Reality or Virtuality? Where do you live?

Hi to all the entities of the web out there! It has been quite some time since I last updated my blog, thanks to my 3rd year engineering exams, which I thought I’d finally study for, since I had so religiously bunked most of my classes in the past semester.  Over the period, I have experienced quite a number of incidents that I think should definitely be discussed on my blog.

So well, the issue at hand in this post is whether the advent of social networking, so highly popular these days in the form of Facebook, Twitter, BBM, WhatsApp, Skype blah blah, WORTH IT? Is it a boon or a bane? For most people especially of the current generation, including me, the question would seem ridiculous. All of us would jump up and defend our beloved social apps we are always hooked on to.

However, whether we like it or not, there are many concerns being raised by parents and teachers regarding the use of social media especially by children and teenagers. It affects them physically and psychologically. If not used under supervision, it makes them vulnerable to the big bad world out there.  Statistics prove that average time spent by a visitor on Facebook is 6.75 hours. To be very honest, I used to belong to the league.  Thankfully, I got bored (I get bored of stuff very easily, in this case, it sure has proved to be of my advantage). But the point is, it’s a whole lot of wastage of time. And from my experience  as a user, 99% of the time, I used it to just like random posts by people I did not know, stalk people I did not even care about and stare at photos of all those whose sole purpose of life is take a picture of themselves whenever possible.  So well, a lot has been debated about this and parents have been advised to supervise their innocent kids, and their not-so-innocent, moody, depressed teenagers who live in the virtual world.
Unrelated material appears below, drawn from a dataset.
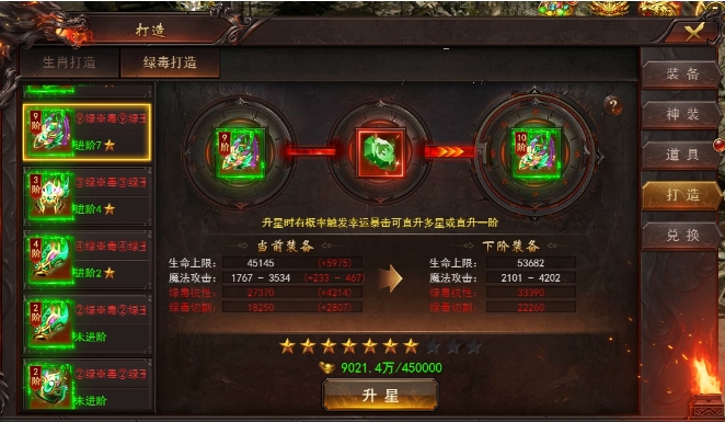 升星:提升绿毒装备的属性,每阶装备有10星,升满10星自动进阶。武器和衣服升星消耗绿毒宝钻,其他部位消耗绿毒水晶。
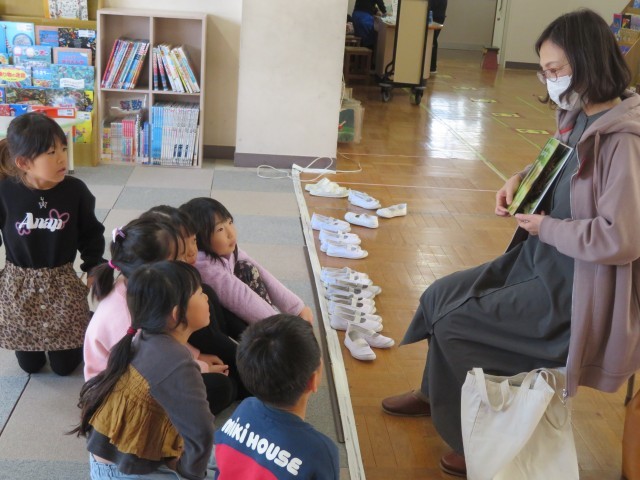 読み聞かせボランティアさんが、げんきタイムに低学年の子が利用する本の国で読み聞かせをしてくださいました。

But what about those addicted adults? Are they justified in using social networking?  Agreed, they know how to tell the difference between right and wrong, but is the time spent by them texting, posting statuses via their blackberries, androids really worth it? My mother recently got an SIII and has successfully joined the WhatsApp and Skype community. She uses it to communicate with her mother, sisters and brothers living in India. Frankly, I’ve never seen her so happy in life. She used to miss her siblings a lot and thanks to Skype, she can see them, hear them and talk to them from a thousand miles away.  But things have surely changed at home. I and my siblings have definitely noticed how less time we get to spend with her these days.  Sure, she is at home physically but we do not get to talk much since she is so busy texting her sister on WhatsApp.  So you see, I think the main culprit of the lack of communication at home these days is the excessive use of social networking sites. I had a talk with my mom about this and she got embarrassed and laughed it off. Next day, she kept her cell in her room to avoid Skype. And that was the end of that phase, thankfully.  I’m glad this has happened because now I really understand why my parents always had an issue whenever I used my cell constantly, and this incident has made me leave a few annoying habits I possessed . 


I am not here to discuss the Pros and Cons of Social networking. Everyone knows about them. We all know that it has served to fulfill the concept of Freedom of Speech and freedom to express ourselves. On the other hand, we all have also been reading  newspapers reporting incidents of lovers taking their lives because of betrayal over Facebook, or young girls being raped by strangers they met on MySpace and many more horrendous incidents I do not want to think about.  I just wanted to convey one simple message. 

And that is: Social networking is really good for keeping in touch with our family and friends all over the world, but it really isn’t worth it if you lose the people you live with, for those who are far away. I do not want to sound selfish and hypocritical but all I am trying to say is, I agree that people who matter in our life, whether they are near or far, deserve to be loved always but there is a difference between loving them and destructing time which needs to be utilized for other purposes of life as well.  Everyone has a life of their own, the REAL one, and it is better to understand the difference between the real and virtual before it is too late.